Charlie, Charles or Sir Charles, as he is commonly referred to, is walking with his head held a little higher these days. Charlie is a member of Oklahoma State University’s Pete’s Pet Posse, an on-campus pet therapy dog program. The 3 ½ year-old mixed breed dog belongs to Kendria Cost of Westport, Okla. Cost rescued Charlie in April 2013.
“One of the big things that we promote with our Posse dogs is wellness, of course, because they are part of our America’s healthiest campus wellness initiatives,” explains Dr. Lara Sypniewski, Charlie’s veterinarian at OSU’s Veterinary Medical Hospital. “Charlie was a rescue dog so when he came to Kendria, he was a little bit underweight. And after a year or more of love, he ended up being a little bit overweight. Even though Kendria had done a lot of things to try to get the weight off of him, it just never seemed to happen.”
“He had gained a little weight,” admits Cost. “I changed his food several times. He was exercising. We were walking every day, increasing our route, doing a lot of different things to try to help him lose weight and it just was not coming off.
“Probably the defining moment for me was when I brought him to Stillwater to stay with his trainer,” recalls Cost. “She had not seen him in a while. I got out of the car with him and she said, ‘oh, my gosh, he is so fat. I’m so embarrassed. I’m not even taking him to campus.’ And so, honestly, I cried all the way home not even knowing what I could do, how I could change his diet, how I could change his lifestyle to make him healthy and happy.”
“I suggested to Kendria that we approach Charlie’s diet from an Eastern perspective, evaluating his individual needs based on his personality, his environment, his stressors, his body type, and his exercise program,” states Sypniewski. “This allowed us to choose the best proteins and carbohydrates to meet his nutritional requirements, while honoring those of his overall body type.”

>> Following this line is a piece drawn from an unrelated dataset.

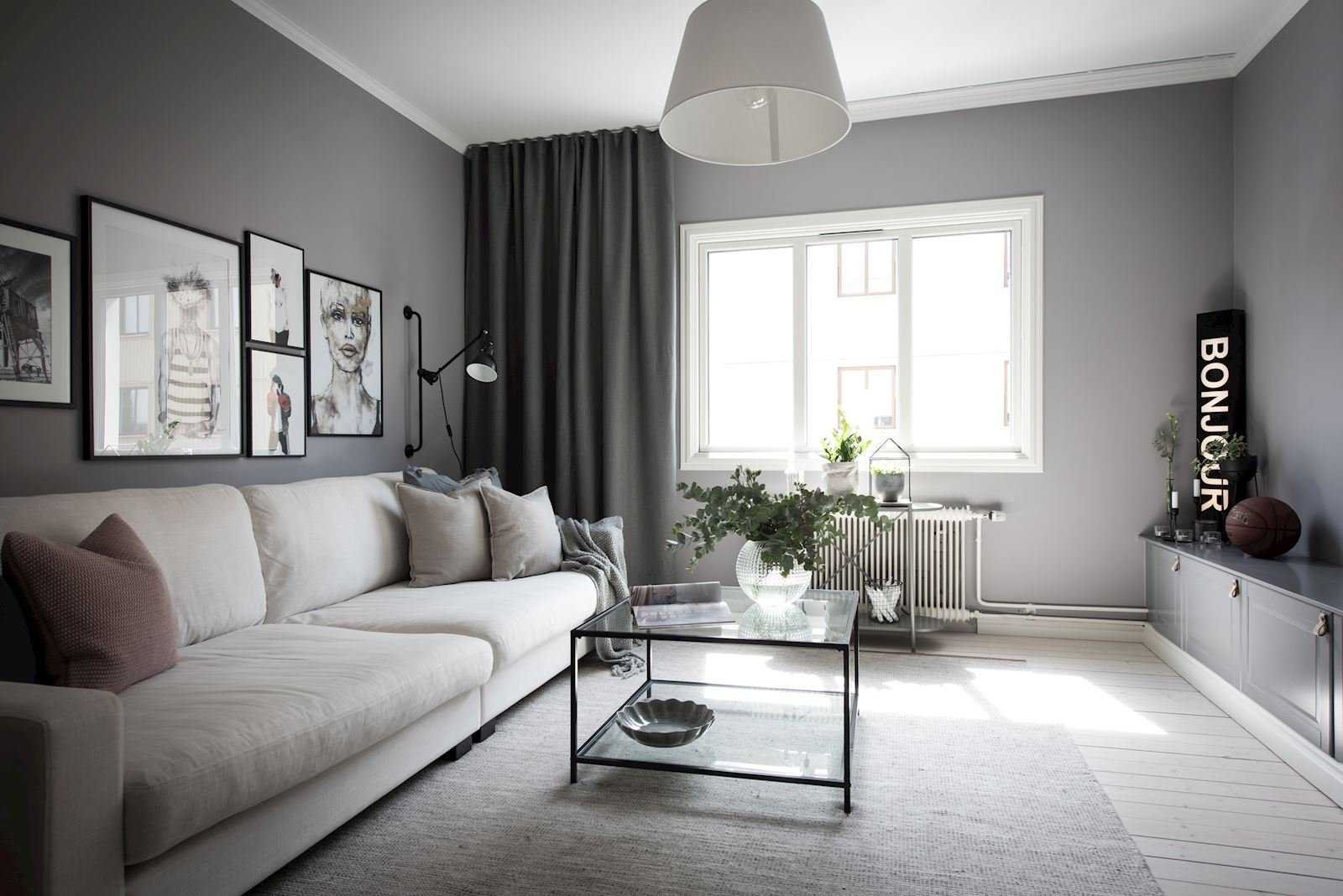 Серые стены в гостиной

As an example, Charlie always “runs hot.” He consistently pants, seeks cool places to lay and avoids warm environments. To accommodate this individual need, Dr. Sypniewski recommended using cooling foods for Charlie—utilizing foods that would normally be eaten during the summer season.
“I don’t think you would go to the beach and eat a mutton sandwich for lunch,” says Sypniewski. “But having a nice turkey sandwich wouldn’t be out of the question during the summer months. Thinking seasonally helped us to make the food choices we did to help Charlie cool down. Mom finds new recipes all the time. She makes pupsicles with Greek yogurt and mango. She uses the balanced dehydrated diet as well as home cooked food. We really just switched him over a week’s period of time. Charles loved the food, which was good. I mean he is a food hound so he had no problem eating. He was happy.
“And after a couple of weeks, the difference in him was phenomenal,” continues Sypniewski. “Not only was his hair coat starting to change, it was a lot softer hair coat, he had a little bit more glimmer in his eyes. He had more energy. And then all of a sudden, the weight just started to melt off.”
Within six months, Charlie had lost nearly 20 pounds.
“We did it very slowly, very gradually,” adds Cost. “Wellness is obviously a big focus. We did not want it to come off too quickly.”
“We can always look at what the mainstream nutritional guidelines are but with Charlie we did all of that and it didn’t work,” says Sypniewski. “So I love the idea of having another option and having an owner that was very committed to trying something new and thinking outside the box, having a patient who was really good – he liked the food and he was happy to eat it of course.”
“When you are a dog and you gain weight, people use the code word ‘fluffy’ so he got called fluffy a lot,” says Cost. “We would walk into an office that maybe had not seen him in a while and they would say ‘oh, Charlie, you’re so …. fluffy.’ And you know, we made a joke out of it, but I’m just really happy that people aren’t calling him fluffy anymore. That he’s just made great progress and he does everything that I ask him to do.”
And Dr. Sypniewski reports that the issues Charlie had with discomfort in his hips and elbows all went away as soon as he lost weight.
“And so that’s a big take home to most of my pet owners is that obesity causes arthritis,” adds Sypniewski. “It actually increases the risk of earlier death. So we really try to keep them as thin as possible. Before and after pictures are profound. I give his Mom a lot of credit. She really worked hard and he just looks phenomenal. A great ambassador for wellness.”
Kendria reports that Charlie loves being a Pete’s Pet Posse therapy dog.
“He thinks everyone needs to give him a big ole pat and a belly rub,” she says. “He spends a lot of energy doing that actually. He just loves people. He loves the attention that he gets. He loves making a difference. He’s very intuitive. He understands somebody who needs maybe a little bit of extra attention and he seeks those people out, which is really interesting to watch and it makes me really proud of him.”
Pete’s Pet Posse dogs are trained to interact with people, provide affection and comfort to people in a variety of situations. With therapy dogs petting, touching, and asking questions are encouraged. The OSU Pet Therapy Program has been designed and developed to enhance the wellness of its campus population and contribute to the success of being America’s HEALTHIEST Campus®.